Records from a data source:
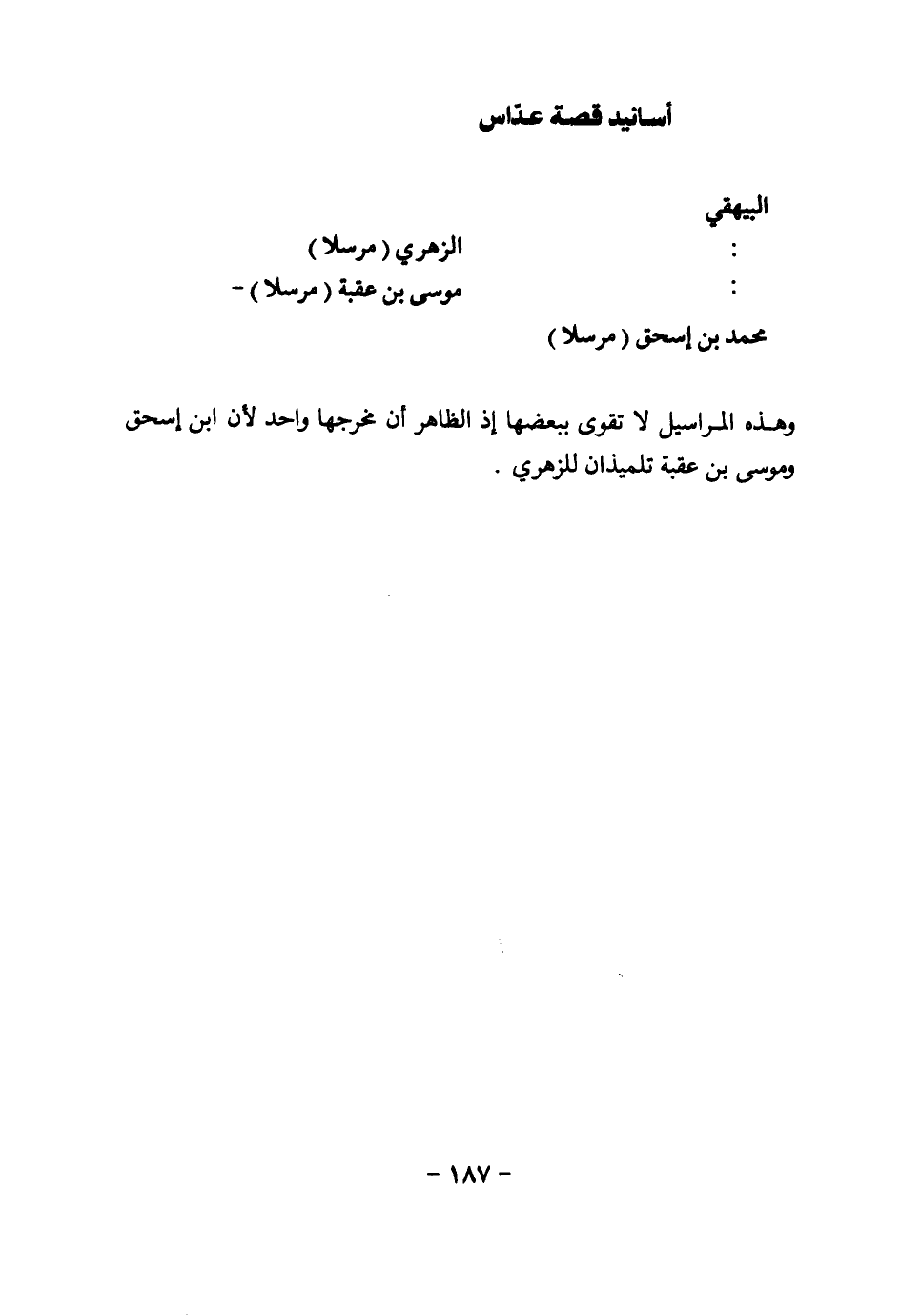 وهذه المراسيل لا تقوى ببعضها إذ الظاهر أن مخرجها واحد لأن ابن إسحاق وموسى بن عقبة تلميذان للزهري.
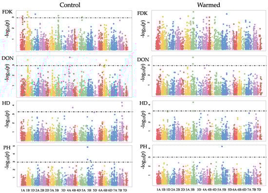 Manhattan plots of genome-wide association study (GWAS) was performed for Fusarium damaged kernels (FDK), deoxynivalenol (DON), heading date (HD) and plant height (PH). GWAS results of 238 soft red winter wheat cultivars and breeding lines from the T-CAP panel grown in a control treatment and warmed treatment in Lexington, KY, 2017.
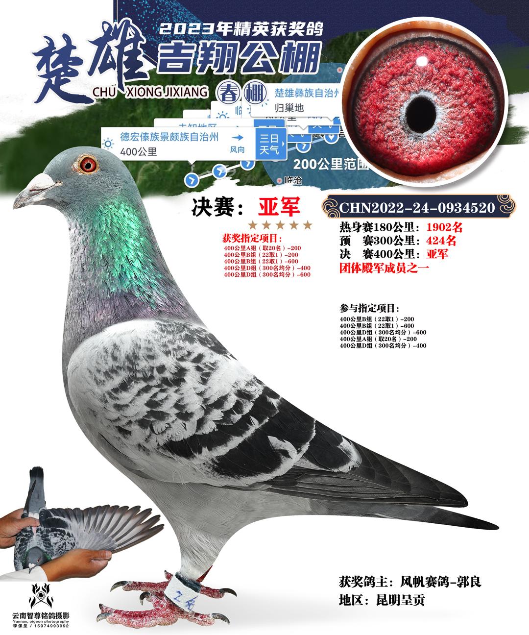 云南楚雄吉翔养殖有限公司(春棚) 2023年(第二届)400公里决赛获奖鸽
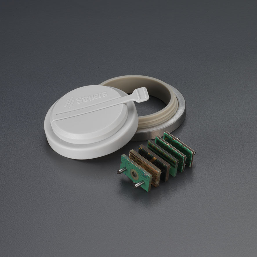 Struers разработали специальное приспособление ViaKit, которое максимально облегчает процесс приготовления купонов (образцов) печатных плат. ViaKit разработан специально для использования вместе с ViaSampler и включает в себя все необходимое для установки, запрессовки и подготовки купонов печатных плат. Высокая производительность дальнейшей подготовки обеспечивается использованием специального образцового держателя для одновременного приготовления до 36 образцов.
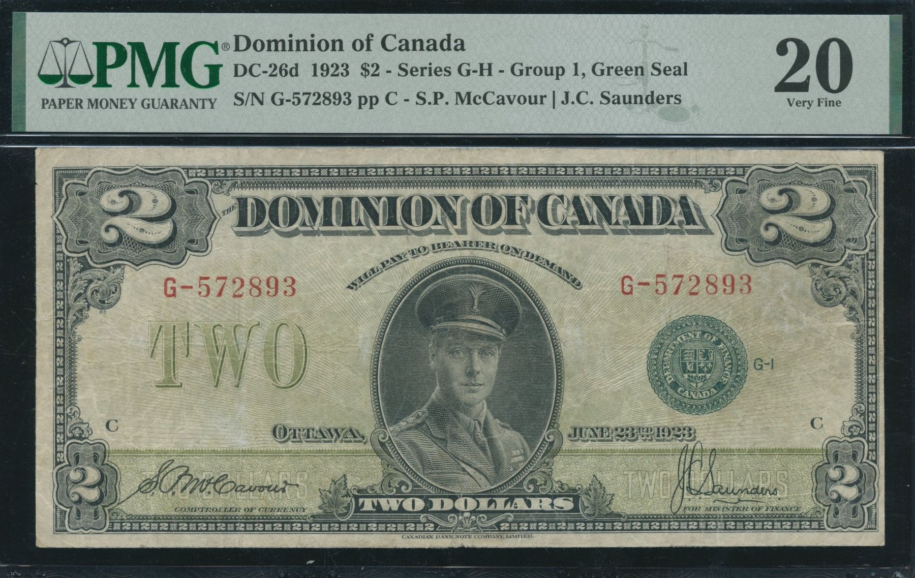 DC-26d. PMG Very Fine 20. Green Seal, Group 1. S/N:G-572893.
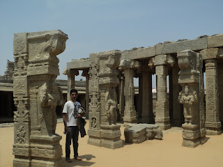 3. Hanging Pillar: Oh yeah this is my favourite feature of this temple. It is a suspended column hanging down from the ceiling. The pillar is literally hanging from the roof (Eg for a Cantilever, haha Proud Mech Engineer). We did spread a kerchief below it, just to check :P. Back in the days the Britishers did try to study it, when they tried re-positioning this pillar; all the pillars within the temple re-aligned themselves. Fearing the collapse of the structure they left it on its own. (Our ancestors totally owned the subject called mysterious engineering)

PROBLEM. Skip the pictures, then return the rest of the data exactly.

RESPONSE BOX.
 وهذه المراسيل لا تقوى ببعضها إذ الظاهر أن مخرجها واحد لأن ابن إسحاق وموسى بن عقبة تلميذان للزهري.
 Manhattan plots of genome-wide association study (GWAS) was performed for Fusarium damaged kernels (FDK), deoxynivalenol (DON), heading date (HD) and plant height (PH). GWAS results of 238 soft red winter wheat cultivars and breeding lines from the T-CAP panel grown in a control treatment and warmed treatment in Lexington, KY, 2017.
 云南楚雄吉翔养殖有限公司(春棚) 2023年(第二届)400公里决赛获奖鸽
 Struers разработали специальное приспособление ViaKit, которое максимально облегчает процесс приготовления купонов (образцов) печатных плат. ViaKit разработан специально для использования вместе с ViaSampler и включает в себя все необходимое для установки, запрессовки и подготовки купонов печатных плат. Высокая производительность дальнейшей подготовки обеспечивается использованием специального образцового держателя для одновременного приготовления до 36 образцов.
 DC-26d. PMG Very Fine 20. Green Seal, Group 1. S/N:G-572893.
 3. Hanging Pillar: Oh yeah this is my favourite feature of this temple. It is a suspended column hanging down from the ceiling. The pillar is literally hanging from the roof (Eg for a Cantilever, haha Proud Mech Engineer). We did spread a kerchief below it, just to check :P. Back in the days the Britishers did try to study it, when they tried re-positioning this pillar; all the pillars within the temple re-aligned themselves. Fearing the collapse of the structure they left it on its own. (Our ancestors totally owned the subject called mysterious engineering)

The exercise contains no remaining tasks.